We spent about an hour talking about the issue with Pooja. His solution was to flag her for indiscipline and let the dean take care of it, which would lead to her being barred from school. I really didn't want that. I wanted everyone to like me, I guess. I wanted her to realize I really am down to doing the work for the collective benefit of our entire class and that the only time we competed was for the election. I guess she wasn't one to accept defeat. Kristof warned me though. He said people like her would catch me between a rock and a hard place and use it against me. I didn't believe him, I believed in humanity more. I didn't think it was such a big deal to be so cut-throat. I can't remember when or how, but the conversation shifted.
He switched to video call, and I accepted, not knowing what to expect. The screen opened, and there he was... bare-chested, a towel hanging loosely off his hips, his skin glistening under the bathroom lights. He set his phone down, propped up, so I could see everything, the view, a gift meant only for me.
His back was a masterpiece, each muscle defined and rippling, like a sculptor had carved him from pure desire. He was perfect, achingly so, and I felt heat rise in me, pooling deep and hot. His abs were toned just enough, soft yet powerful, and every line, every curve invited my touch, my mouth. I wanted to outline every muscle with my tongue, to taste the sweat on his skin, savoring him inch by inch. He had the body of a German God, something powerful and wild.

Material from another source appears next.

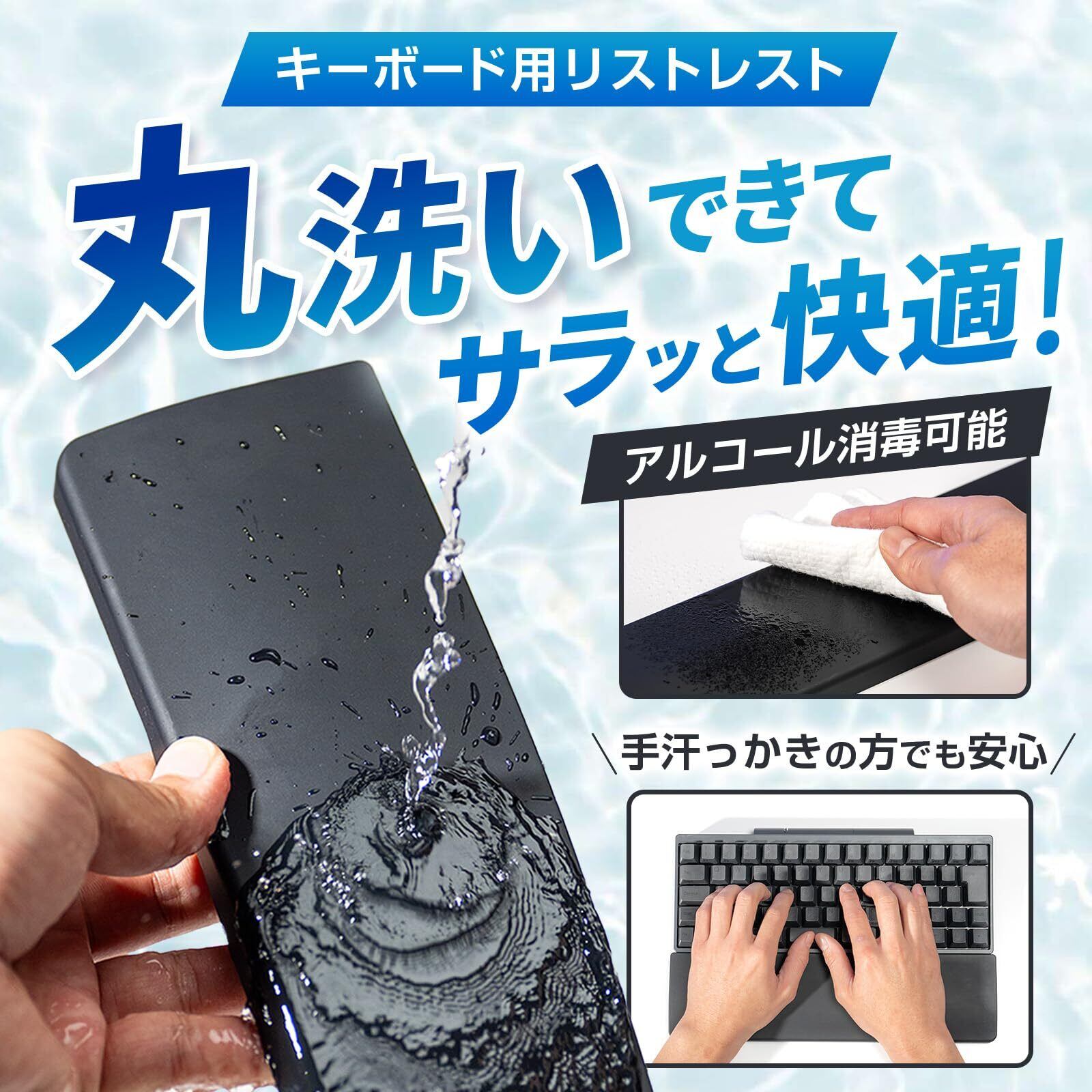 【丸洗いができるシリコン製リストレスト】全面シリコン製なので、丸洗いができて衛生的。手汗が気になる方も安心して使えます。アルコール消毒も可能。キーボード操作時の手首角度を快適にします。

Without a word, he turned and walked into the shower, twisting the handle. Steam started to fill the air, curling around his form. When he came back, he glanced down at me, that dark, dangerous look in his eyes, like he knew the effect he had. With a slow, almost cruel smile, he reached up, tying his hair back, juicy biceps flexing, that towel hanging off him in a way that left just enough to my imagination. He didn’t say a word, didn’t need to.
His eyes never left mine, challenging me, daring me to watch as he tugged the towel loose. It slid to the floor, revealing him fully, gloriously naked. f**k.
His silence built suspense right up to that, well... very HUGE, dick... moment. I meant to say moment. I thought that size only existed in...??? I don't even think I ever thought of that size p***s.
That body, that impossible cock... I wanted to kneel, to worship every inch of him, like he was my personal altar.
My throat tightened with need. I wanted him to consume me, to take every inch of my innocence.
His c**k was… magnificent, thick and heavy. His veins mapping down his length made my mouth water. I couldn’t look away. He was huge, raw masculinity and power. The girth, the weight of him, the head perfectly pink and smooth, my entire body ached to feel every inch inside me, stretching me, filling me.
Every inch of him was built to torment... consume... and fully wreck every last bit of me.
He still didn’t speak, just smirked as he picked up his iPad, tapping the screen before placing it beside him. And then he hit play, and the unmistakable moans of p**n filled the room. My whole body responded to the sight of him watching, letting his hand close around his length as he began stroking himself, slow and unhurried, each stroke powerful and confident. I was captivated, helpless, watching as he worked himself with an intensity that made my body weak.
His eyes burned into me, knowing exactly what he was doing, knowing he was breaking me, piece by piece, stripping away every ounce of innocence I had. I wanted him to take me, to f**k me so hard that I’d forget my own name.
And still, he just watched, silent, stroking, daring me to reach the edge and fall, knowing I was already his.
His eyes never left mine, watching, commanding, pulling me into his world.
My hands drifted over my own body, matching his rhythm with my fingers, lost. He was all I wanted, all I could see, his eyes locked onto mine, challenging me, daring me to take everything he was offering. The entire world melted away; there was only him, only us, connected by this moment that I knew I'd never forget.
Then, with an agonizingly slow intensity, he released, his c**k pulsing in his hand as he gave in, thick ropes of his c*m spilling out, hot and heavy, each drop causing me to tremble. I fell with him, my body responding to his, a symphony of raw desire. His release, thick and abundant, coated him, the sight of it, the heat of it, pulling me deeper. I could almost taste it, begging me to consume it, to take him into me in ways I hadn’t even imagined.
I wanted to slurp his c*m up into a straw and have it with every meal. Savor it like a delicacy. Let it slide down my throat in a constant, delicious flow. The thought made me ache in places I hadn’t known could burn so hot. His c*m was no longer just a part of him; it was everything, my essence, my need.
That's when he walked into the shower and bathed. Leaving me there to watch him. My body was drained, exhausted from cumming so hard, but that didn't stop me. I went again and again until he was finished. Like a newfound addiction. I couldn't stop until he said to. He continued getting ready as if the last few moments didn't occur. I was feeling too little to mention it, so we both carried on the night like it never happened, except I could tell by his eyes, every look, every smile, every move.... I belonged to him... entirely.